To explore genetic influences on sweet taste perception, DNA from 168 of the children was analyzed to identify variation in two sweet taste genes known to be related to sweet sensitivity in adults: the TAS1R3 G-coupled protein sweet receptor gene and the GNAT3 sweet receptor signaling gene. An additional analysis identified variation in the TAS2R38 bitter receptor gene, which is known to be related to individual differences in sweet preferences among children. Small changes in each of these genes are associated with differential sensitivity of the respective receptor to its activating taste stimuli.
 
Genotype analyses revealed that sucrose thresholds and sensitivity were related to variation in the bitter receptor gene, but not in the two sweet receptor genes. Specifically, children whose TAS2R38 receptor gene variants make them more bitter-sensitive were also more sensitive to sucrose.
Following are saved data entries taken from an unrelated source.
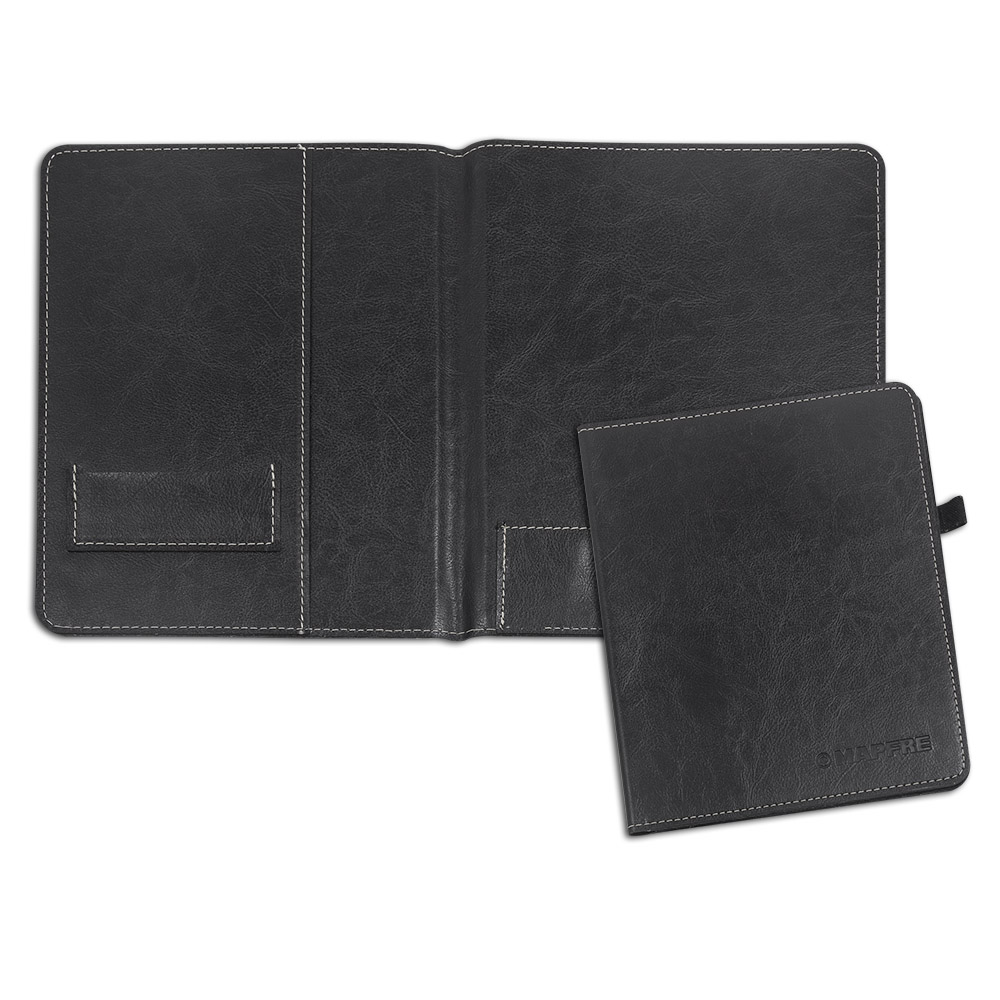 Porta Manual confeccionado em couro legítimo, couro sintético ou couro ecológico (Recouro) com duas divisórias para cartão e duas para manuais. Porta manual Personalizado em baixo relevo ou silk screen com seu logotipo.
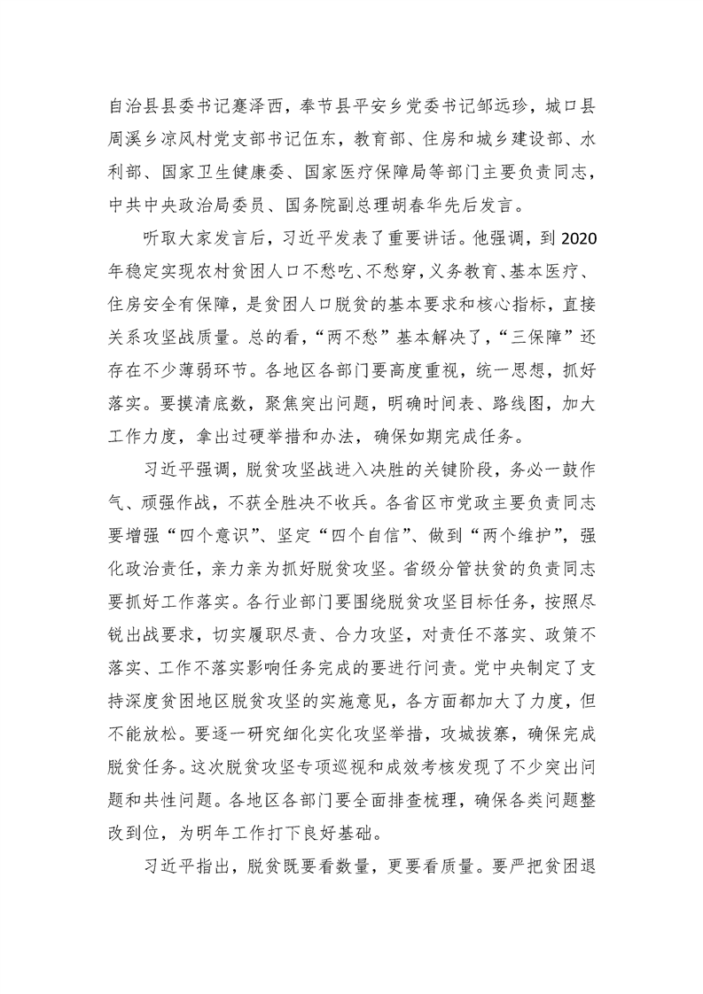 统一思想一鼓作气顽强作战越战越勇 着力解决“两不愁三保障”突出问题——习近平在重庆考察并主持召开解决“两不愁三保障”突出问题座谈会上的讲话精神
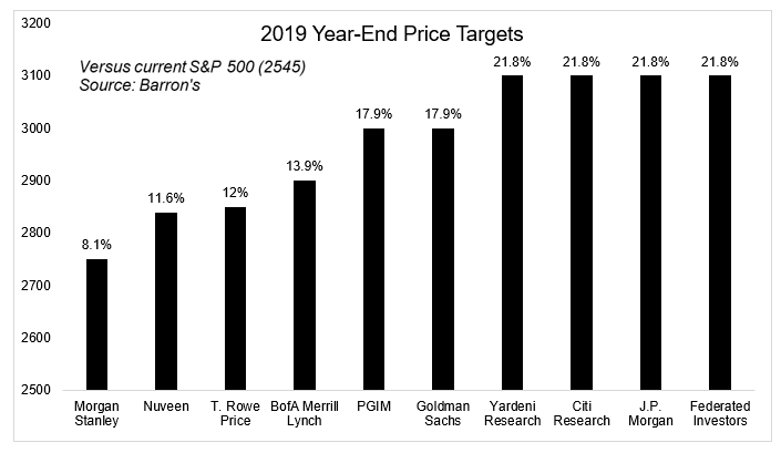 - 2019年S&P500預測的平均指數是2974,將近是17%的漲幅
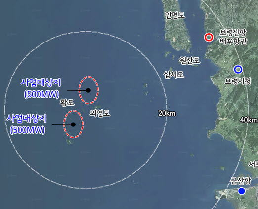 보령시가 공모에 참여한 해상풍력 단지는 보령시와 한국중부발전이 공동으로 참여해 외연도 북측, 황도 남측 해상 62.8km 면적에 오는 2025년까지 1GW급 해상풍력 발전 설비를 갖추는 것으로 약 6조원이 소요된다.
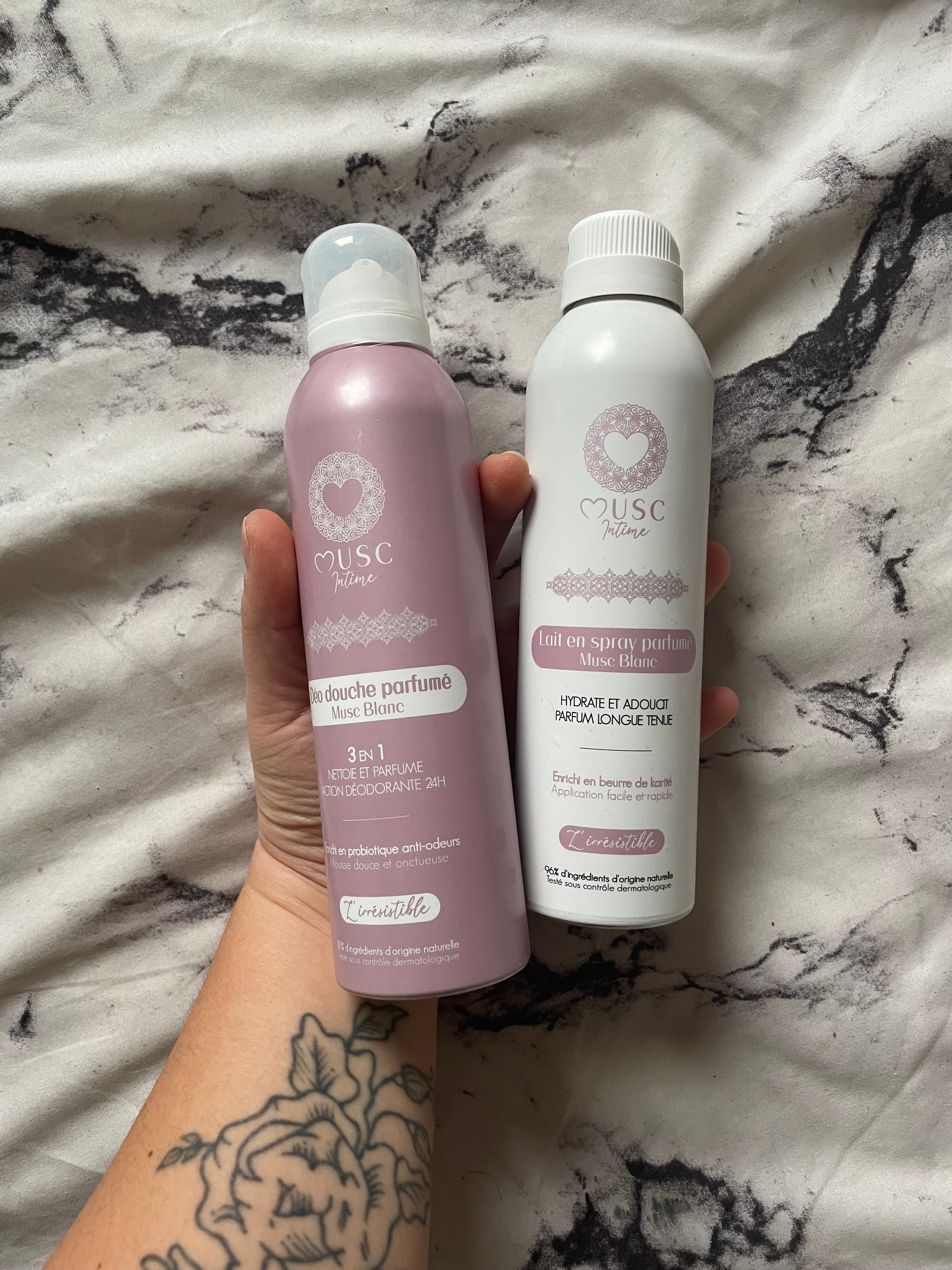 Je n’avais jamais testé Musc Intime et j’adore, l’odeur reste super longtemps sur le corps les produits sont pratiques d’utilisation. La texture du déo douche est incroyable sur la peau et le lait en spray ne laisse aucun fini gras. L’odeur reste durant toute la journée.

Dietary records revealed that children having this same bitter-sensitive gene variant consume a higher percentage of their daily calories as added sugar. Using bioelectrical impedance to measure body composition, the researchers also asked whether sweet sensitivity might relate to measures of obesity.
 
“Our assumption was that the more obese children would be insensitive to sugar and therefore would need higher concentrations to get the same pleasing effect as leaner children,” said Joseph, who is currently a Clinical & Translational Postdoctoral Fellow at the National Institute of Nursing Research. “This was not the case and to our surprise, children having more body fat were more sensitive to sugar and were able to detect a sweet taste at lower concentrations of sucrose.”
 
The work was supported by the National Institute of Deafness and Other Communication Disorders of the National Institutes of Health (NIH) under grants DC011287 and P30DC011735 to Monell and by grant T32NR007100 from the National Institute of Nursing Research of the NIH to the University of Pennsylvania School of Nursing. Additional support came from the International Society of Nurses in Genetics and from an investigator initiated grant from Ajinomoto Co., Inc. The funding agencies had no role in the design and conduct of the study; in the collection, analysis, and interpretation of the data; or in the preparation or contents of the manuscript.